Future posts will cover the Flux and Big Bang deployment process, and eventually demonstrate AWS integrations using services like Direct Connect, Storage Gateway, and Outposts.

Lessons Learned

Static networking is worth the small amount of extra configuration. DHCP adds moving parts and timing dependencies. For infrastructure that needs to be reliable, static IPs eliminate an entire class of problems.

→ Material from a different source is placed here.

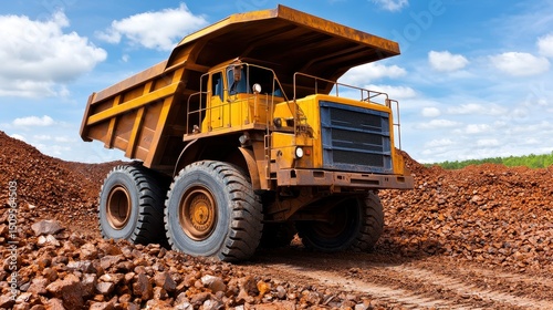 mining, truck, dump, heavy, machinery, construction, equipment, quarry, excavation, vehicle, industrial, yellow, rock, ore, extraction, industry, transport, large, offroad, work, shoveling, site, daytime, landscape, blue, sky, white, cloud, pile, tire, powerful, robust, hard-wearing, heavy duty

Version pinning trades convenience for predictability. Always getting the latest version sounds good until you need to debug why a deployment behaves differently than it did last month.

Network validation before service installation prevents subtle failures. The 10-15 seconds spent confirming DNS works and interfaces are up saves hours of debugging certificate problems and API server binding issues.

Clean base images are not optional. Residual state in images causes mysterious problems that are hard to diagnose. Taking the time to properly clean machine IDs, cloud-init state, and network configs is essential.

Automation enables experimentation. Being able to destroy and recreate the cluster in 5 minutes means you can test ideas without fear. If something breaks, just rebuild. This changes how you approach learning and troubleshooting.

The cluster runs continuously now, stable and operational. It’s ready for the platform services layer. The automation is solid enough that I trust it, which means I can focus on building the interesting parts - the platform and applications - instead of fighting infrastructure problems.